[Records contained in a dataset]
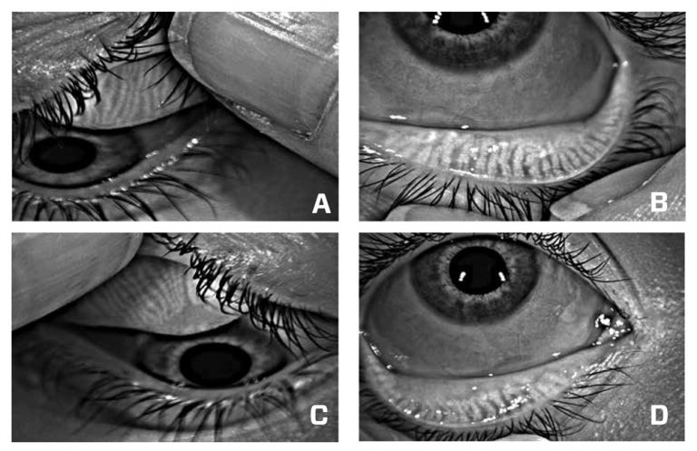 On initial examination, her visual acuity was R -0.25/-0.50×130 (6/6), L -4.25/-1.75×120 (6/6). There was no anterior blepharitis, lid margin telangiectasia or corneal staining but mild bilateral conjunctival staining, often indicative of dry eye. Meibography using infra-red imaging showed very early meibomian gland (MG) drop out (Figures 2A-D).
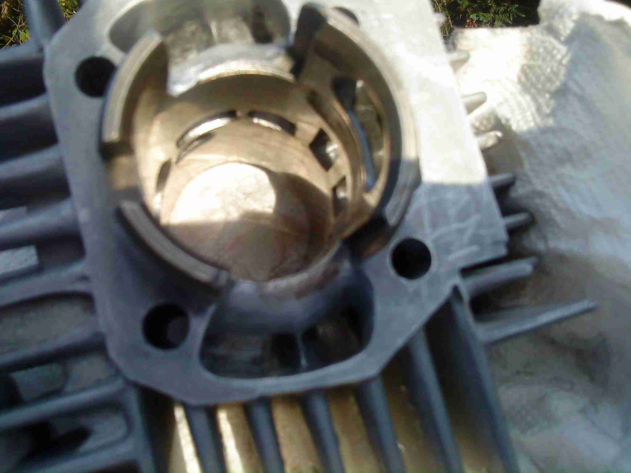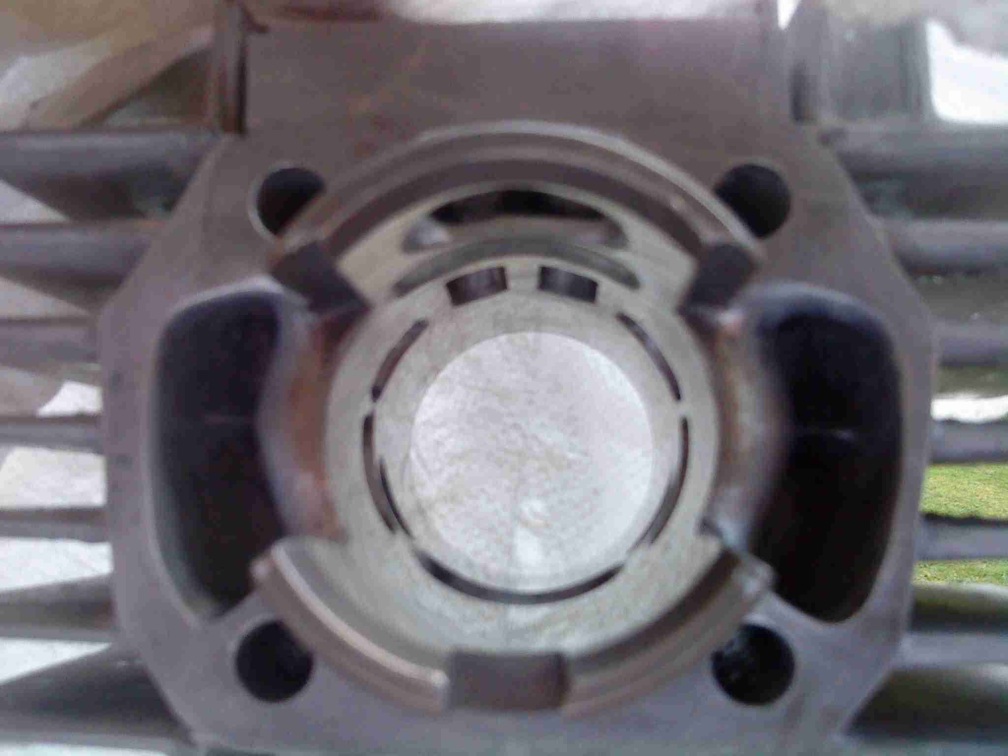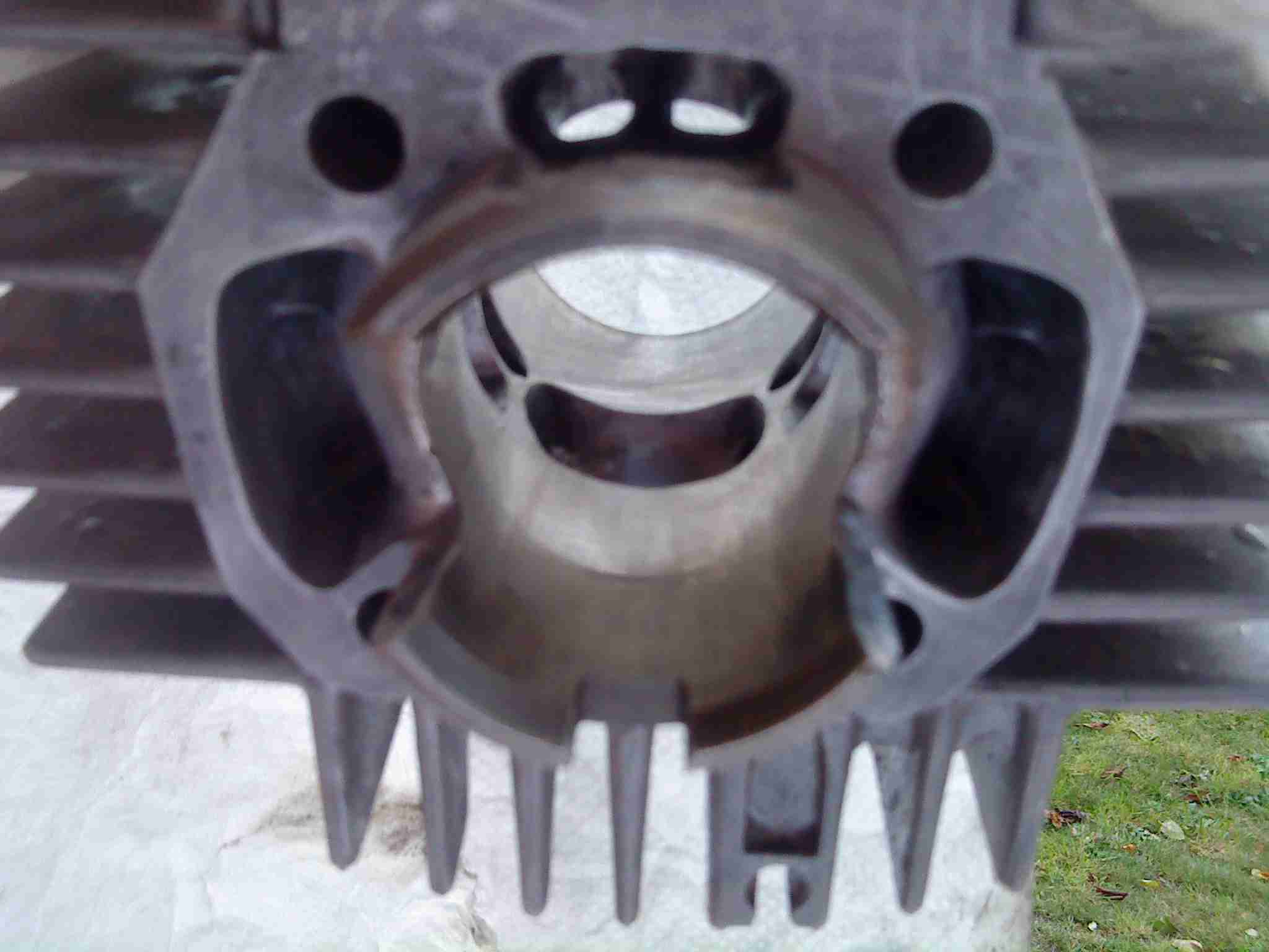 Der Athena von Uwe ( Aerodacyl) wurde von mir als Muster angesehen- den Auslaß habe ich solange vergrößert, bis irgendwann der Kolbenring gebrochen ist- das war etwas zuviel des guten. Deshalb nun die Nebenauslässe. Zufrieden bin ich mit dem Athena nicht gewesen- der eine ÜS-Kanal ist zu groß, der andere viel zu klein, und die Ringnut des Kolbens läuft genau über den einen ÜS- alles nicht so dolle. Beim P1 gefallen mir die ÜS-Kanäle auch nicht sonderlich- der Steg sitzt viel zu weit oben und ist zu dick- der muß erstmal noch gewaltig bearbeitet werden.
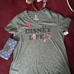 Disney Park Women's "disney Life" Gray Graphic V-neck T-shirt Women's size XL NWT Limited Edition* Disney Parks Food Icons Wallet by Loungefly NWT And$160Montebello, CA
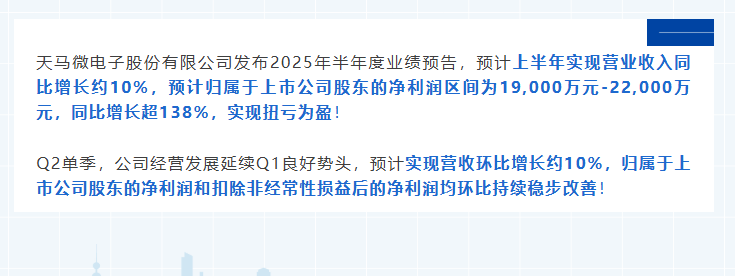 天馬微電子股份有限公司發(fā)布2025年半年度業(yè)績預告,預計上半年實現(xiàn)營業(yè)收入同比增長約10%,預計歸屬于上市公司股東的凈利潤區(qū)間為19,000萬元-22,000萬元,同比增長超138%,實現(xiàn)扭虧為盈!Q2
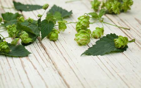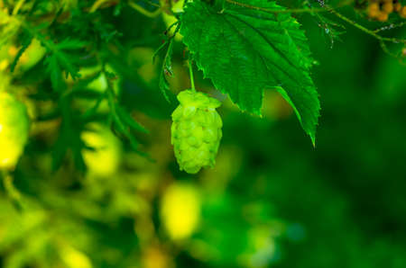 Fresh hop cones for making beer and bread close-up, agricultural background. Selective focus. Copy Space
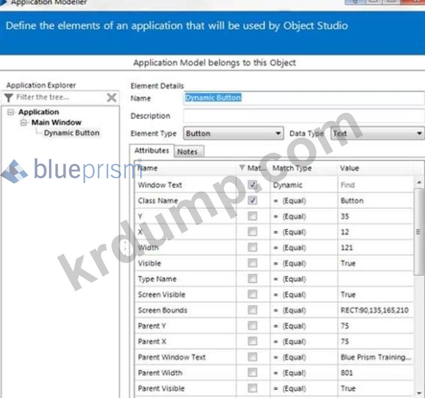 Dynamic Button 요소가 감시되었으며 다음 속성이 설정되어 있습니다.
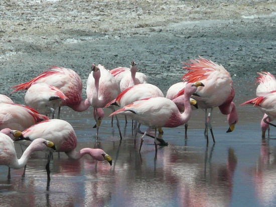 nachdem wir den vulkan und die umgebung fertig bewundert haben, zu den 2 lagunen hedionda und canapa. diese beiden lagunen sind beruehmt fuer ihre flamingos und ich habe mich sehr darauf gefreut. es war das erste mal fuer mich, flamingos in freier wildbahn zu beobachten. ich musste mich richtig bremsen, dass ich nicht die ganze speicherkarte vollknipse . bei der laguna canapa haben wir dann auch unser mittagessen eingenommen. dieses mal gab es poulet milanese, salat und teigwaren. das war noch besser als unser erstes mittagessen.
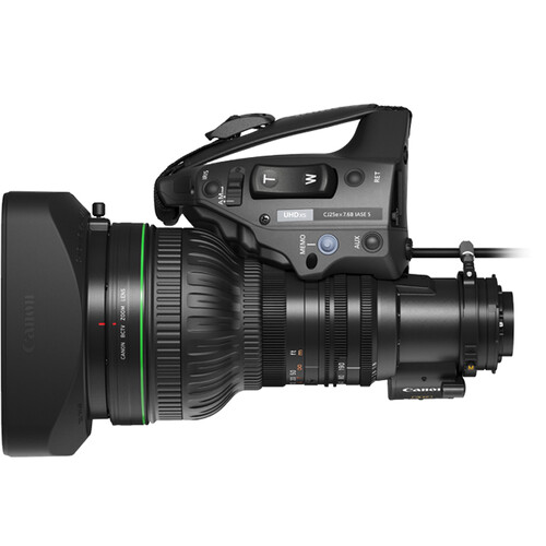 Capture UHD 4K footage with the 2/3" UHD XS 25x Standard 7.6-190mm Full-Servo Lens from Canon. The CJ25EX7.6B IASE S is a 25x zoom lens for 2/3" format 3-chip ENG/EFP cameras. It retains the compact, lightweight design of Canon's legacy servo lenses while weighing only 4.4 lb and improving on the zoom range and the digital drive, as well as supporting UHD 4K and HDR footage. The lens incorporates a B4 mount, standard for ENG/EFP lenses, and it features a built-in 2x extender.
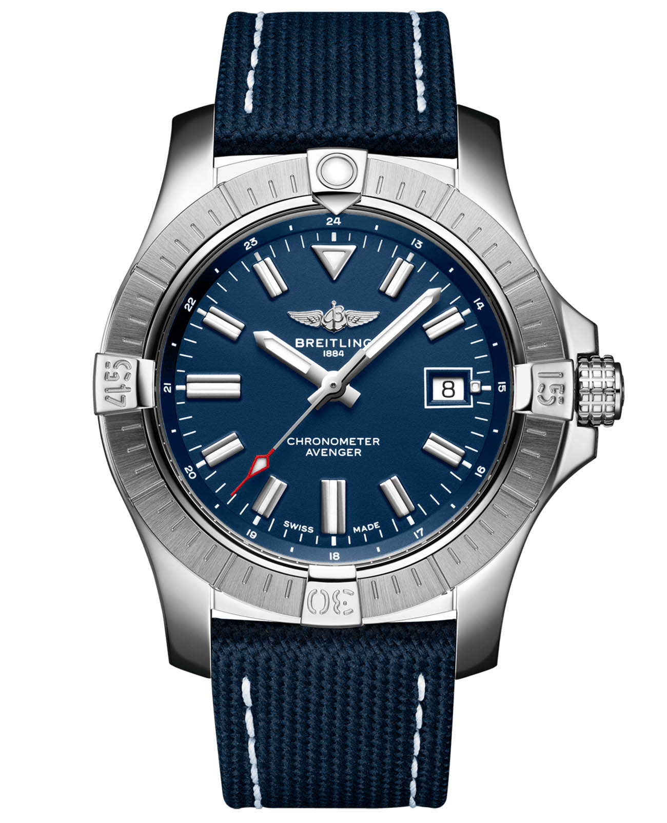 Мужские швейцарские часы Breitling Avenger Automatic 43 A17318101C1X2, механический механизм (автоматический калибр) Breitling 17 с высокой точностью. Выпуклое сапфировое стекло устойчивое к появлению царапин, обладающее высокой прозрачностью и антибликовым покрытием с обеих сторон.
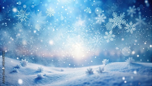 © Sathaporn Buarabut, Naklejka premium Softly falling snowflakes gently cover the frosty landscape with delicate white and pale blue hues, soft flakes, snowfall

● PROBLEM STATEMENT
Please reproduce each entry exactly as given and omit the pictures.

● ANSWER SECTION
 On initial examination, her visual acuity was R -0.25/-0.50×130 (6/6), L -4.25/-1.75×120 (6/6). There was no anterior blepharitis, lid margin telangiectasia or corneal staining but mild bilateral conjunctival staining, often indicative of dry eye. Meibography using infra-red imaging showed very early meibomian gland (MG) drop out (Figures 2A-D).
 Der Athena von Uwe ( Aerodacyl) wurde von mir als Muster angesehen- den Auslaß habe ich solange vergrößert, bis irgendwann der Kolbenring gebrochen ist- das war etwas zuviel des guten. Deshalb nun die Nebenauslässe. Zufrieden bin ich mit dem Athena nicht gewesen- der eine ÜS-Kanal ist zu groß, der andere viel zu klein, und die Ringnut des Kolbens läuft genau über den einen ÜS- alles nicht so dolle. Beim P1 gefallen mir die ÜS-Kanäle auch nicht sonderlich- der Steg sitzt viel zu weit oben und ist zu dick- der muß erstmal noch gewaltig bearbeitet werden.
 Disney Park Women's "disney Life" Gray Graphic V-neck T-shirt Women's size XL NWT Limited Edition* Disney Parks Food Icons Wallet by Loungefly NWT And$160Montebello, CA
 天馬微電子股份有限公司發(fā)布2025年半年度業(yè)績預告,預計上半年實現(xiàn)營業(yè)收入同比增長約10%,預計歸屬于上市公司股東的凈利潤區(qū)間為19,000萬元-22,000萬元,同比增長超138%,實現(xiàn)扭虧為盈!Q2
 Fresh hop cones for making beer and bread close-up, agricultural background. Selective focus. Copy Space
 Dynamic Button 요소가 감시되었으며 다음 속성이 설정되어 있습니다.
 nachdem wir den vulkan und die umgebung fertig bewundert haben, zu den 2 lagunen hedionda und canapa. diese beiden lagunen sind beruehmt fuer ihre flamingos und ich habe mich sehr darauf gefreut. es war das erste mal fuer mich, flamingos in freier wildbahn zu beobachten. ich musste mich richtig bremsen, dass ich nicht die ganze speicherkarte vollknipse . bei der laguna canapa haben wir dann auch unser mittagessen eingenommen. dieses mal gab es poulet milanese, salat und teigwaren. das war noch besser als unser erstes mittagessen.
 Capture UHD 4K footage with the 2/3" UHD XS 25x Standard 7.6-190mm Full-Servo Lens from Canon. The CJ25EX7.6B IASE S is a 25x zoom lens for 2/3" format 3-chip ENG/EFP cameras. It retains the compact, lightweight design of Canon's legacy servo lenses while weighing only 4.4 lb and improving on the zoom range and the digital drive, as well as supporting UHD 4K and HDR footage. The lens incorporates a B4 mount, standard for ENG/EFP lenses, and it features a built-in 2x extender.
 Мужские швейцарские часы Breitling Avenger Automatic 43 A17318101C1X2, механический механизм (автоматический калибр) Breitling 17 с высокой точностью. Выпуклое сапфировое стекло устойчивое к появлению царапин, обладающее высокой прозрачностью и антибликовым покрытием с обеих сторон.
 © Sathaporn Buarabut, Naklejka premium Softly falling snowflakes gently cover the frosty landscape with delicate white and pale blue hues, soft flakes, snowfall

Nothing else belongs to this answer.